Supplied material —
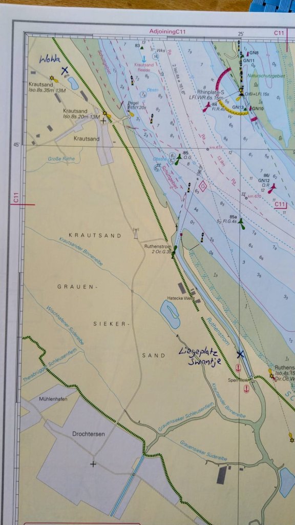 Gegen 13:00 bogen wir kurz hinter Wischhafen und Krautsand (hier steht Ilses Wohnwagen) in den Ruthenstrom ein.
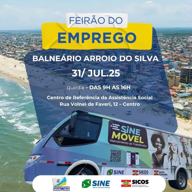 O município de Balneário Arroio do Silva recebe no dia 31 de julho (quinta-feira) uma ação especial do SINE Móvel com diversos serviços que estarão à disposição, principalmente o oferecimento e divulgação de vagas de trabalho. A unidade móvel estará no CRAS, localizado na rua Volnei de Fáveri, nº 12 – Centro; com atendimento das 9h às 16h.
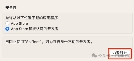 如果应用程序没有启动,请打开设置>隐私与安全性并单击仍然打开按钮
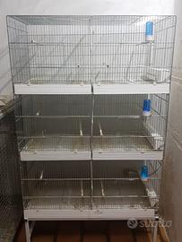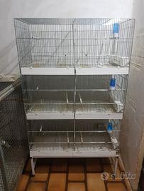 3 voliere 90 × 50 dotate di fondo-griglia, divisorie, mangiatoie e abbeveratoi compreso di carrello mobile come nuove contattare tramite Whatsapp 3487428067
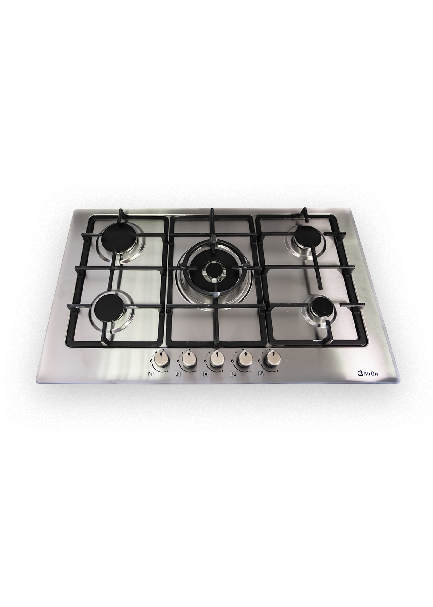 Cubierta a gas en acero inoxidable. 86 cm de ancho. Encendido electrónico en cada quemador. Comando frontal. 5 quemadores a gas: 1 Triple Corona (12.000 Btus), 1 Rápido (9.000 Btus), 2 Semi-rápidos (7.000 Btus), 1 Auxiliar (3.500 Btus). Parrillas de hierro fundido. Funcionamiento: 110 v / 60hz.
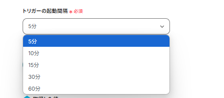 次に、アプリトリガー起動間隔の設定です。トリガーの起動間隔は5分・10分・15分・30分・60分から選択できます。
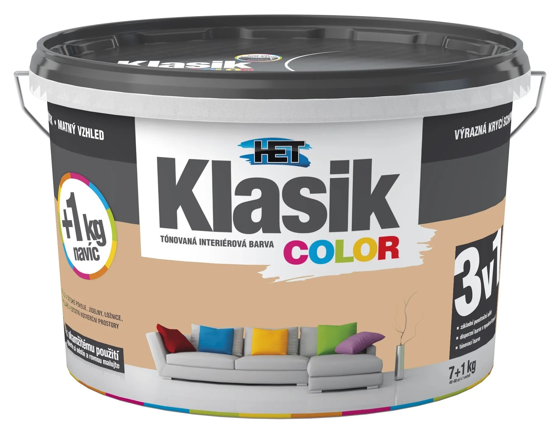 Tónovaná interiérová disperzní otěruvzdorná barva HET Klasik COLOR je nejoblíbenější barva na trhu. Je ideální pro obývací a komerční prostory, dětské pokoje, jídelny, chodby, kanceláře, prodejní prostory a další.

Task to complete — Only the listing above, set down exactly and without pictures, belongs in the answer.

Your response —
 Gegen 13:00 bogen wir kurz hinter Wischhafen und Krautsand (hier steht Ilses Wohnwagen) in den Ruthenstrom ein.
 O município de Balneário Arroio do Silva recebe no dia 31 de julho (quinta-feira) uma ação especial do SINE Móvel com diversos serviços que estarão à disposição, principalmente o oferecimento e divulgação de vagas de trabalho. A unidade móvel estará no CRAS, localizado na rua Volnei de Fáveri, nº 12 – Centro; com atendimento das 9h às 16h.
 如果应用程序没有启动,请打开设置>隐私与安全性并单击仍然打开按钮
 3 voliere 90 × 50 dotate di fondo-griglia, divisorie, mangiatoie e abbeveratoi compreso di carrello mobile come nuove contattare tramite Whatsapp 3487428067
 Cubierta a gas en acero inoxidable. 86 cm de ancho. Encendido electrónico en cada quemador. Comando frontal. 5 quemadores a gas: 1 Triple Corona (12.000 Btus), 1 Rápido (9.000 Btus), 2 Semi-rápidos (7.000 Btus), 1 Auxiliar (3.500 Btus). Parrillas de hierro fundido. Funcionamiento: 110 v / 60hz.
 次に、アプリトリガー起動間隔の設定です。トリガーの起動間隔は5分・10分・15分・30分・60分から選択できます。
 Tónovaná interiérová disperzní otěruvzdorná barva HET Klasik COLOR je nejoblíbenější barva na trhu. Je ideální pro obývací a komerční prostory, dětské pokoje, jídelny, chodby, kanceláře, prodejní prostory a další.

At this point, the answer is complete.